孟子 / 公孫丑章句上
孟子曰、尊賢使能、俊傑在位、則天下之士皆悅而願立於其朝矣。市廛而不征、法而不廛、則天下之商皆悅而願藏於其市矣。關譏而不征、則天下之旅皆悅而願出於其路矣。耕者助而不Ԭ、則天下之農皆悅而願耕於其野矣。廛無夫里之布、則天下之民皆悅而願為之氓矣。信能行此五者、則鄰國之民仰之若父母矣。率其子弟、攻其父母、自生民以來、未有能濟者也。如此、則無敵於天下。無敵於天下者、天吏也。然而不王者、未之有也。」
新字:孟子曰、尊賢使能、俊傑在位、則天下之士皆悅而願立於其朝矣。市廛而不征、法而不廛、則天下之商皆悅而願蔵於其市矣。関譏而不征、則天下之旅皆悅而願出於其路矣。耕者助而不Ԭ、則天下之農皆悅而願耕於其野矣。廛無夫里之布、則天下之民皆悅而願為之氓矣。信能行此五者、則鄰国之民仰之若父母矣。率其子弟、攻其父母、自生民以来、未有能済者也。如此、則無敵於天下。無敵於天下者、天吏也。然而不王者、未之有也。」
書き下し
孟子曰く、「賢を尊び能を使い、俊傑位に在れば、則ち天下の士、皆悅びて其の朝に立たんことを願わん。市は廛して征せず、法して廛せざれば、則ち天下の商、皆悅びて其の市に藏せんことを願わん。關は譏して征せざれば、則ち天下の旅、皆悅びて其の路に出でんことを願わん。耕やす者は助してԬせざれば、則ち天下の農、皆悅びて其の野に耕さんことを願わん。廛に夫里の布無ければ、則ち天下の民、皆悅びて之が氓と為ることを願わん。信に能く此の五者を行わば、則ち鄰國の民も之を仰ぐこと父母の若し。其の子弟を率いて、其の父母を攻むるは、生民自り以來、未だ能く濟す者有らざるなり。此の如くんば、則ち天下に敵無し。天下に敵無き者は、天吏なり。然り而して王たらざる者は、未だ之れ有らざるなり。」
現代語訳
孟子は言う、 「賢者を尊び有能の士を用いて、すぐれた人物が其の位に即きそれぞれの職務を行えるようにすれば、天下の士は皆進んでその国に仕えたいと願うだろう。市場では店舗には課税をするが、荷物は課税しない、又は法により市場の秩序を守り、課税は一切しないようにすれば、天下の商人は皆進んでその市場に商品を持ち込みたいと願うだろう。関所では不信な人物や物を取り締まるだけで、税金はかけないようにすれば、天下の旅行者は皆喜んでその國の街道を通りたいと願うだろう。
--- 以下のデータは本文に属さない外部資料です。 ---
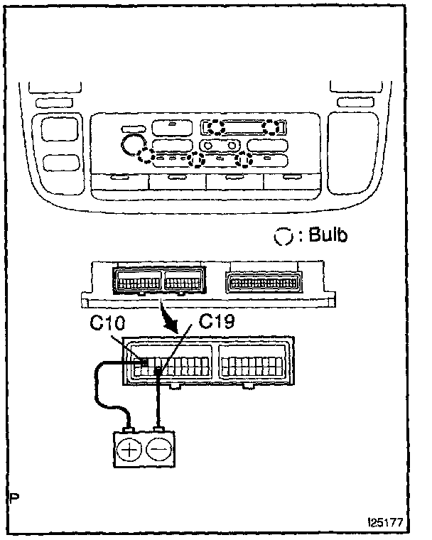 a. Connect the positive (+) lead from the battery to terminal C10 and negative (-) lead to terminal C19 then check that the indicators' illuminate.

農耕者には井田法により、公田を耕作する義務だけ課して、私田には課税しないようにすれば、天下の農民は皆進んで耕作に励むだろう。住居に対する税や人頭税が無ければ、天下の民は皆進んでその国の移住民になりたいと願うだろう。実際にこの五つが実行できれば、隣国の民もその君を父母のように仰ぎ見て慕うだろう。そうなれば、隣国の民は子弟のようなものである。子弟を率いて父母を攻めるなどということは、人間始まって以来、一度として成功したことがない。だからこのようになれば天下に敵対する者はいなくなる。つまり天下無敵の者は天命を執行する天の役人である。そうなって天下の王とならなかった者は、かっていないのである。」